Visual Navigation Precision Guidance
Screen shot from NASA video 2020

Visual Navigation Precision Guidance

Apollo 11's Neil Armstrong visually guided its landing, avoiding a boulder field. Perseverance autonomously did the same, landing about 35 meters to the left of the "bullseye" above. Both were critical needs to achieving mission success.

But with each of these there was a "follow-on" that made these victories especially poignant for NASA and the world. For Apollo it meant a string of missions where skills and capabilities were increased alongside mission risk each time. For "Percy", it meant that a mission spanning a decade of Mars Sample Return, which requires precision landings to the same location, could proceed, again with subsequent increased capabilities, risk, and vehicle coordination. The samples Percy collects will be collected up by a trailing, high speed collection rover, and launched into orbit, where another satellite will spot them in orbit, capture them, depart for Earth, and send them in another return vehicle to land on the Earth.

These, and an upcoming Ingenuity helicopter will also rely on visual guidance in part to succeed. Vision systems, which in the 1980's were considered bleeding edge technology, have advanced to mission critical stage. (We're not yet to the consumer stage, as the over-hyped "Level 5" autonomous vehicle systems for automotive use and quarterly tragedies with accidents show us.)

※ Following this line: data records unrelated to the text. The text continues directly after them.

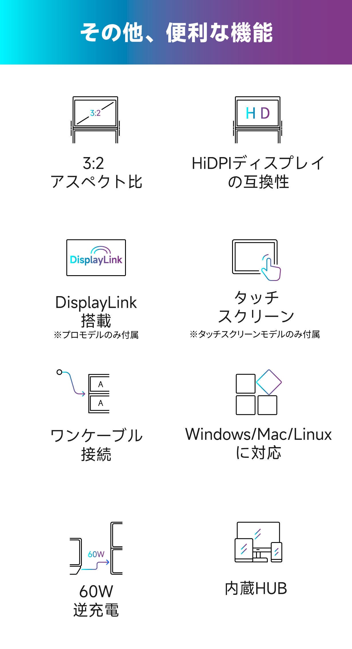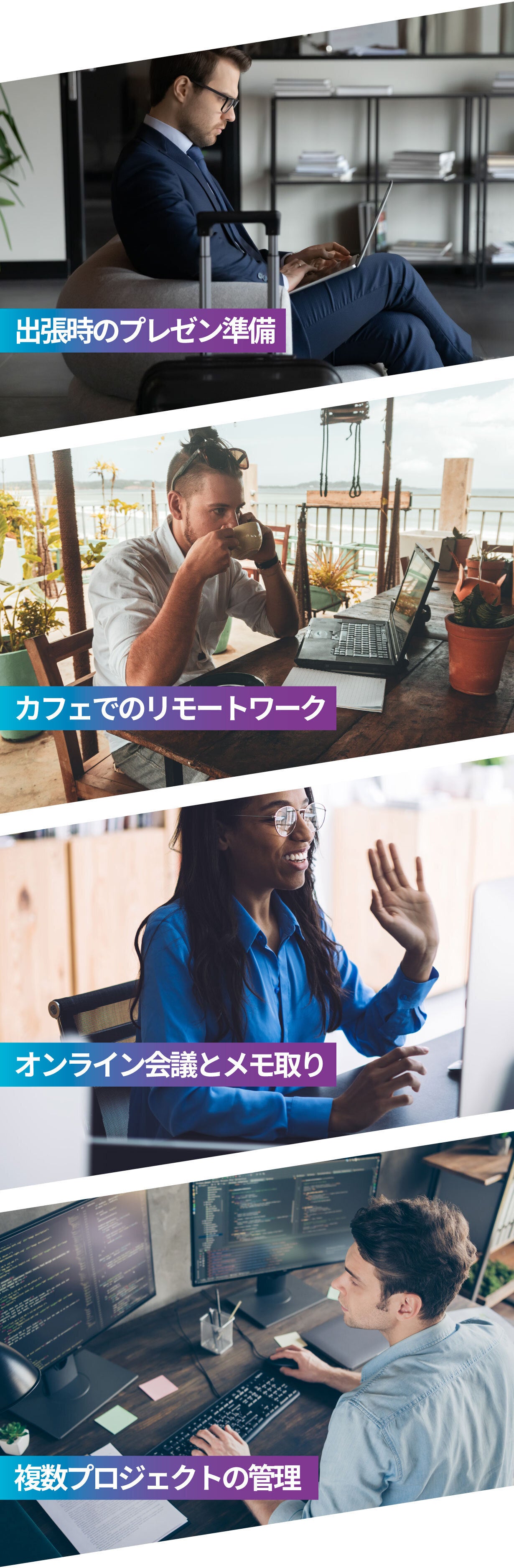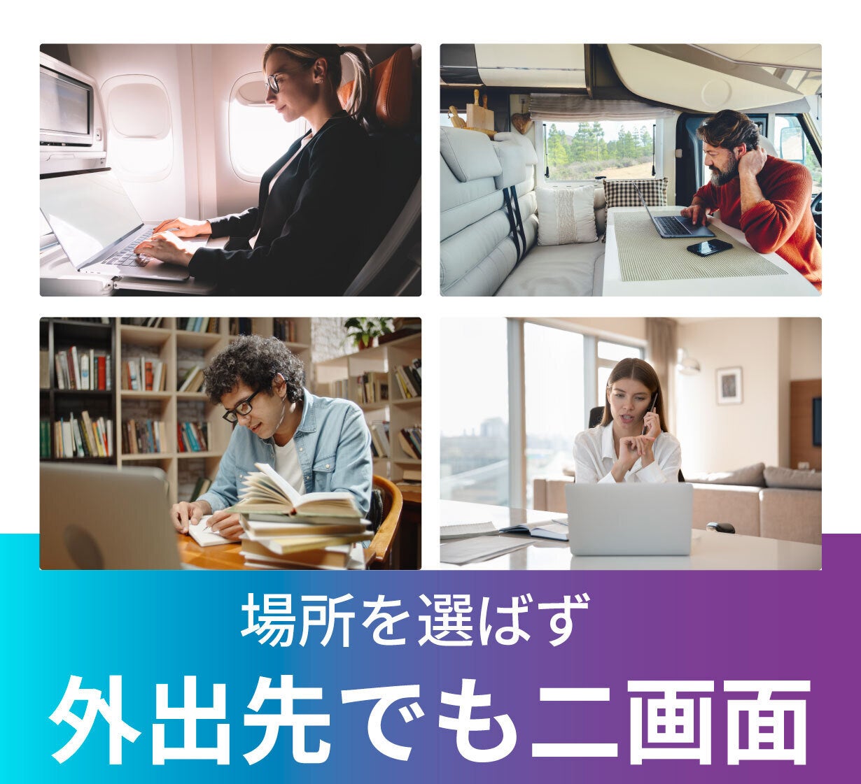 カフェ、電車、自宅など、場所を選ばずに二画面での作業が可能に。仕事もプライベートも、これ一つでスムーズです!
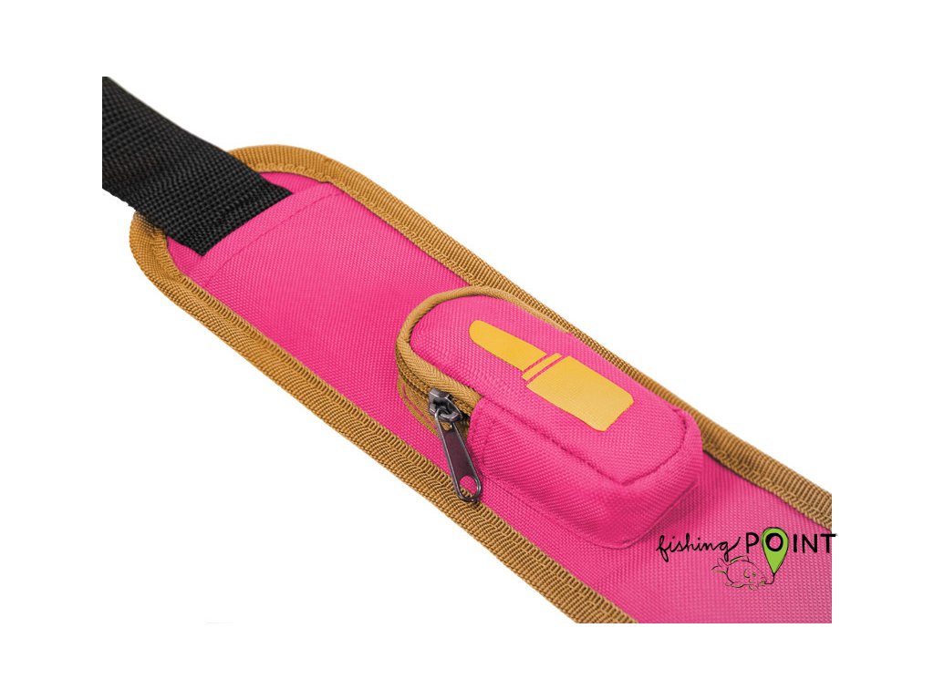 Na boku pouzdra se nachází dlouhá kapsa se zipem, která poslouží například na transport podběráku nebo vidliček. Na ní je našita ještě jedna kapsa také s klipem, která na rozdíl od modelu PORTA není prošitá napůl, a tak poskytuje větší prostor a variabilitu. Další skvělá vychytávka, která jistě potěší všechny ženy, které se o sebe rádi starají i u vody, se nachází na ramenním popruhu, kde je na měkčené části umístěna malá kapsa s piktogramem rtěnky. Kromě kosmetických pomůcek je zde samozřejmě možné uložit například olůvka, případně jiné rybářské drobnosti.
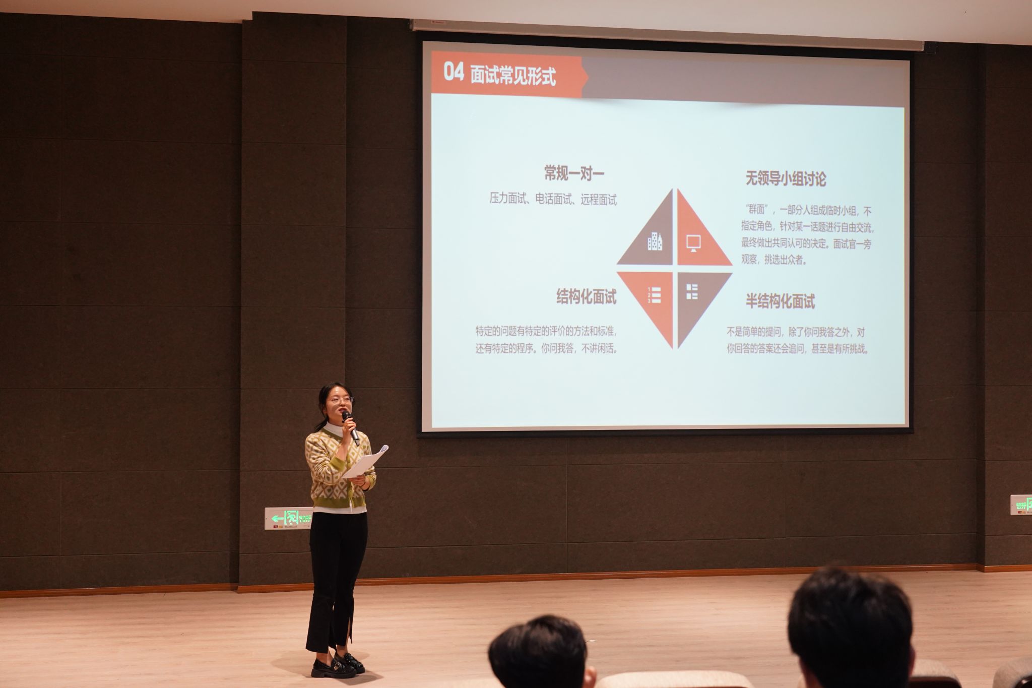 活动伊始,辅导员老师们首先强调了在当前复杂多变的就业市场中,提前准备、精准定位的重要性。关键在于“面试不仅是对专业知识的检验,更是对个人综合素质、沟通能力和应变能力的全面考察。” 辅导员老师讲解了面试类型,面试题型,以及面试需要做的准备。

That NASA can capture Neil's skill and apply it in five decades to what may become routine unmanned vehicle operations elsewhere in the solar system is a major accomplishment.

And that vision systems have become a mainstay of our culture, only to improve from this point forward.

William Jolitz - Thanks for posting this. I hadn't seen the auto-navigation aspect of this mission described this well. Impressive abilities.